Armand Point and Islamic Architecture

Climate Control

Algeria lies in central North Africa, between Morocco to the West and Tunisia and Libya to the East with the Mediterranean Sea to the North. The climate in Algeria is hot and dry. The design of traditional courtyard houses modifies the extremes of this inhospitable climate. Exterior walls are usually very thick, constructed from two layers of stone. This offers protection against the heat of the sun by insulating the house. Windows in exterior walls are small to keep heat gain to a minimum, and also to keep out the sand and dust which are carried by strong winds.
 
The inner courtyard allows people to sit in the fresh air, sheltered from the sun and wind.

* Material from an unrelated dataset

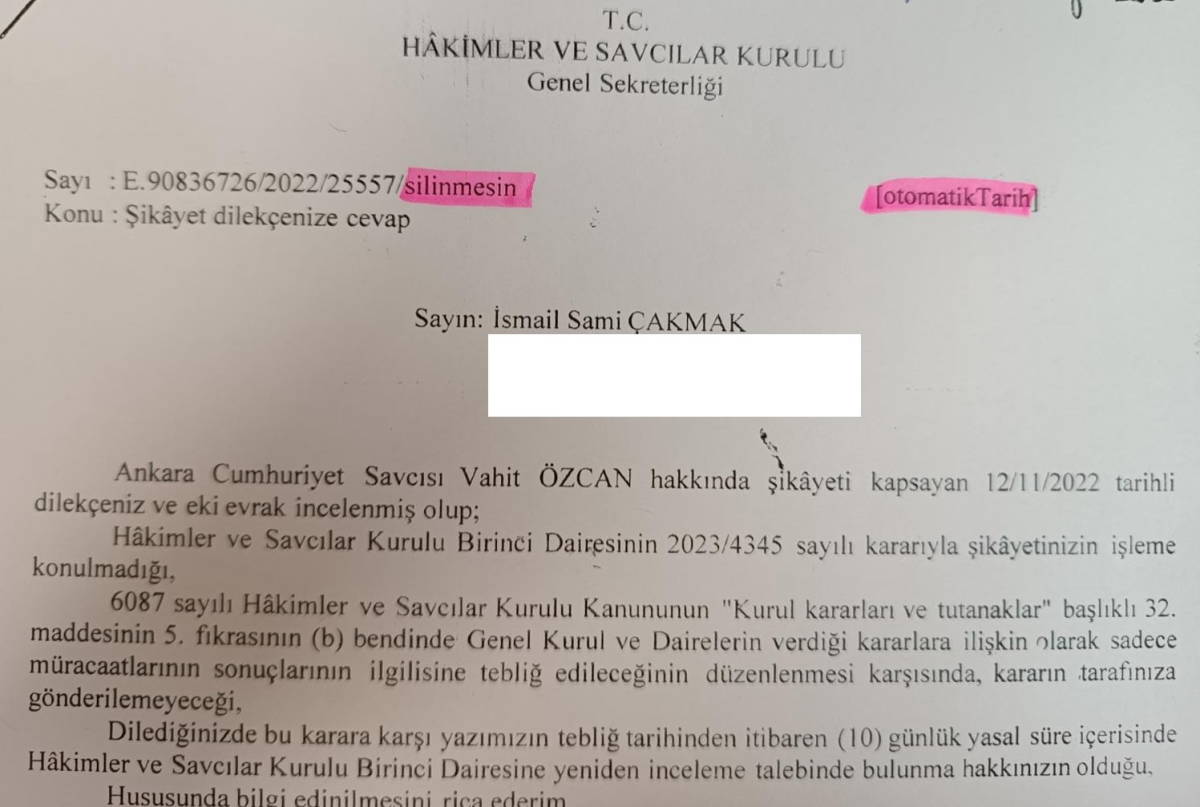 Avukat İsmail Sami Çakmak, kararı veren ve kararı kişisel bilgileriyle birlikte Diyanet’e gönderen Ankara Cumhuriyet Savcısı Vahit Özcan’ı Hâkimler ve Savcılar Kurulu’na (HSK) şikâyet etti.

The courtyard also allows light into the centre of the house, compensating for the lack of exterior windows. 'Half rooms' or 'iwans' are roofed areas supported by pillars around the courtyard, making a cool, shady place to sit or work. The courtyard is usually planted with trees for shade and has a water source, such as a small fountain or pool, to provide humidity. At night, cooler air is drawn into the courtyard which brings down the temperature in the surrounding rooms.
 
Over the centuries, courtyard houses have developed 'passive' design features to create a cooler 'microclimate' within the house, without using mechanical cooling devices powered by non-renewable energy.